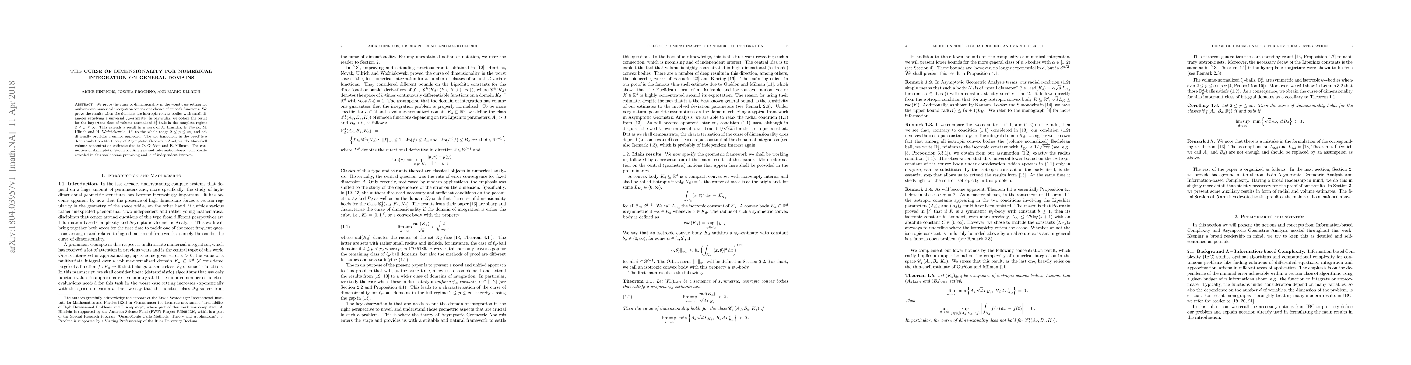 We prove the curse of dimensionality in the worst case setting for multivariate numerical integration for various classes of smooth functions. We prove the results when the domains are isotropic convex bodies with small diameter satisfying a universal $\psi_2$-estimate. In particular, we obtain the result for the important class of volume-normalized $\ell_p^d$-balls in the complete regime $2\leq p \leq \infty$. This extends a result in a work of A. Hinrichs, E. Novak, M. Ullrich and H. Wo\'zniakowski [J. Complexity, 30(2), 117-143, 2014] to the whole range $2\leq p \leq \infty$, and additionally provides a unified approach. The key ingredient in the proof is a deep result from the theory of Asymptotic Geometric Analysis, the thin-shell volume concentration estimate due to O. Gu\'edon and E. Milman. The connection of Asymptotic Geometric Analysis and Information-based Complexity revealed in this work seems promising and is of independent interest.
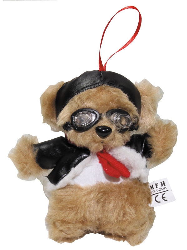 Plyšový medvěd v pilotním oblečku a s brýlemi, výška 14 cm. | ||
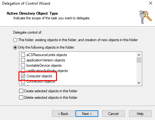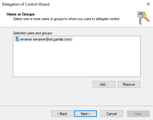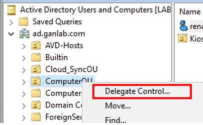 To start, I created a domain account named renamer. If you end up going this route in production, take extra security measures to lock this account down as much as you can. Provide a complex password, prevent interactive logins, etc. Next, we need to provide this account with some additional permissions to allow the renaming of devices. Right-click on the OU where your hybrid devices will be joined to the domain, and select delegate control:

------

WHAT THIS TASK INVOLVES: Each line from the one containing "Plyšový medvěd v" through the last line of the data should be written out exactly. Skip the pictures, and add no other lines.

EXPECTED ANSWER:
 Plyšový medvěd v pilotním oblečku a s brýlemi, výška 14 cm. | ||
 To start, I created a domain account named renamer. If you end up going this route in production, take extra security measures to lock this account down as much as you can. Provide a complex password, prevent interactive logins, etc. Next, we need to provide this account with some additional permissions to allow the renaming of devices. Right-click on the OU where your hybrid devices will be joined to the domain, and select delegate control:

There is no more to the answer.